El "*zaguán*" es la entrada de la calle a la propiedad. Una de las palabras más bonitas del castellano.


----------



## JaimeUy

En las casas antíguas que menciona Aleccowan la puerta de roble exterior se cerraba sólo de noche. Un par de metros más adentro había una puerta de madera y vidrios, llamada puerta cancel. Ese espacio intermedio, a veces con macetas de plantas, es el zaguán. Los ladrones mataron esa forma de vida.


----------



## Casusa

Completamente de acuerdo con Aleccowan, agregando que en la mayoria de las casas antiguas, donde existen áun "zaguanes", estos terminan en un patio interior o una puerta, como bien djo JaimeUy.


----------



## Zureñita

La casa de mia abuela no tiene zaguán, tiene según ella Z_an Juán_...

Yo siempre he conocido el zaguán como la fresca entrada (el hall, que decís) de las tradicionales casas andaluzas (de un tipo de estas, hay cientos de tipos que no tienen zagúan si no un patio-atrio andaluz -a lo domus romana- o un estrecho pasillo-recibidor en _adarve -_a lo casa arabe-.). Creo que en mi zona esta palabra se usa cada vez menos, ya que realmente son pocas las casas nuevas con Zaguán.


----------



## mirx

En México los zagúanes son portales, es decir, están al frente de la casa.
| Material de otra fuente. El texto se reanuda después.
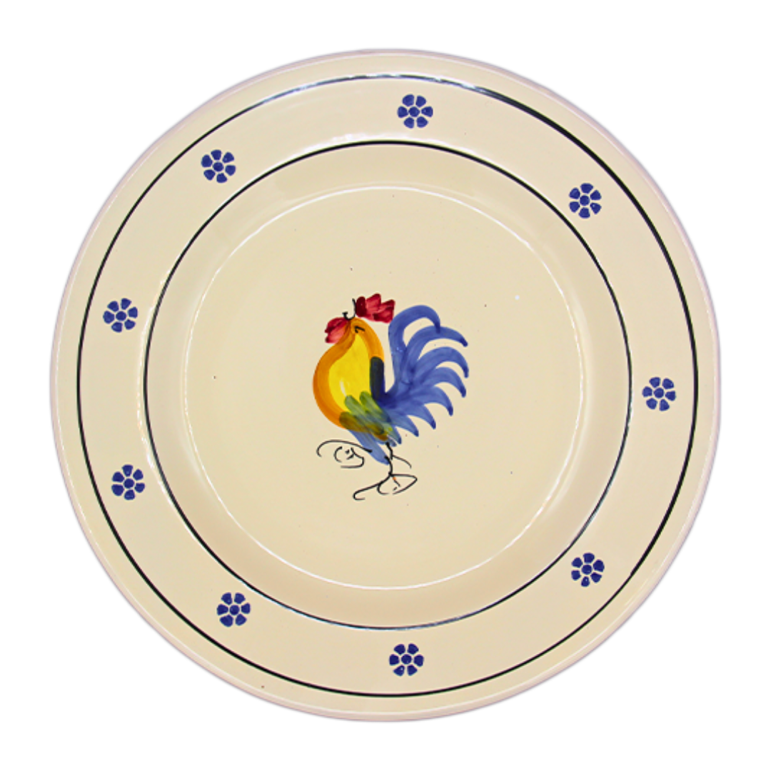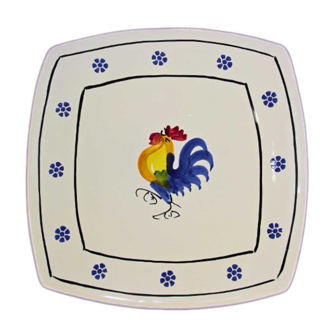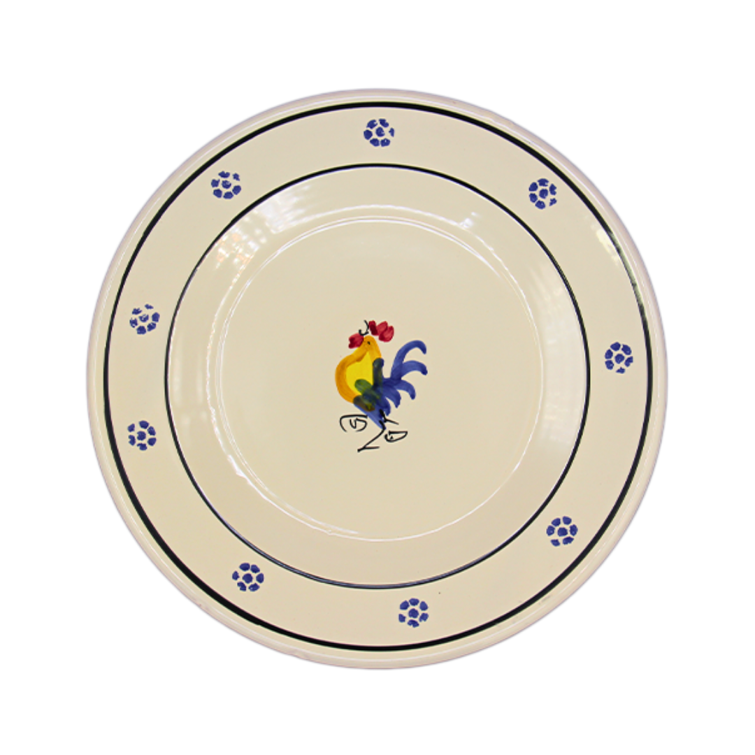 プーリアの伝統陶器で、下地の釉薬はクリーム色をしているため、独特な温かみを感じる色合いになります。 魔除けの象徴とされるにわとりと星形が描かれています。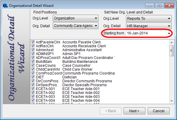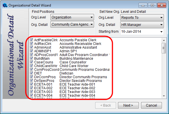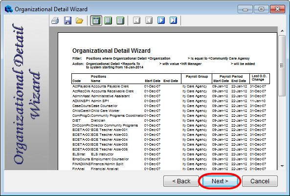 A report appears, showing you all of the positions that have been attached to the manager. Click Next.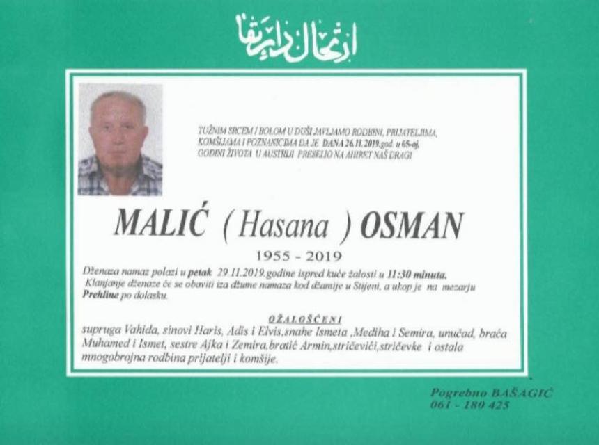 Sa žalošću javljamo rodbini, prijateljima i poznanicima da je dana 26.11.2019. godine na Ahiret u 65-oj godini života preselio na Ahiret malić(Hasana) Osman iz Stijene.

Tienen techo pero no paredes frontales, sólo con unas bardas anchas para poner macetas (o tiestos), y sería exactamente lo que en inglés americano se llama *porch, *y por consiguinte me supongo que porche en español.

Se utiliza para recibir visitas sin llevarlos a la casa, o para "tomar el fresco", o simplemente para que se reuna la familia por la tarde.


----------



## jomoalce

Zagúan tambien puede ser como un vestier.


----------



## germanbz

✋
 HILOS UNIDOS 
 *Nota de moderación*: se ha creado esta nueva discusión a partir de una digresión de otro hilo. ​
Para completar este hilo y ya que también se trata de una consulta sobre una parte de las casas de pueblo. ¿Conocéis o usáis alguna denominación particular para el cuarto de entrada desde la calle y cerrado al resto de la casa por una puerta que se encuentra en muchos pueblos?. Como denominación general estaría la bonita palabra "zaguán", pero no sé si es de uso general, ya que consultando he visto modalidades muy diversas de habitación a las que se denomina "zaguán".
Gracias.


----------



## chileno

Así es en Chile también. En algunas casas hay/había un perchero para sombrero y chaquetas también. Ah, y un canasto para los paraguas. 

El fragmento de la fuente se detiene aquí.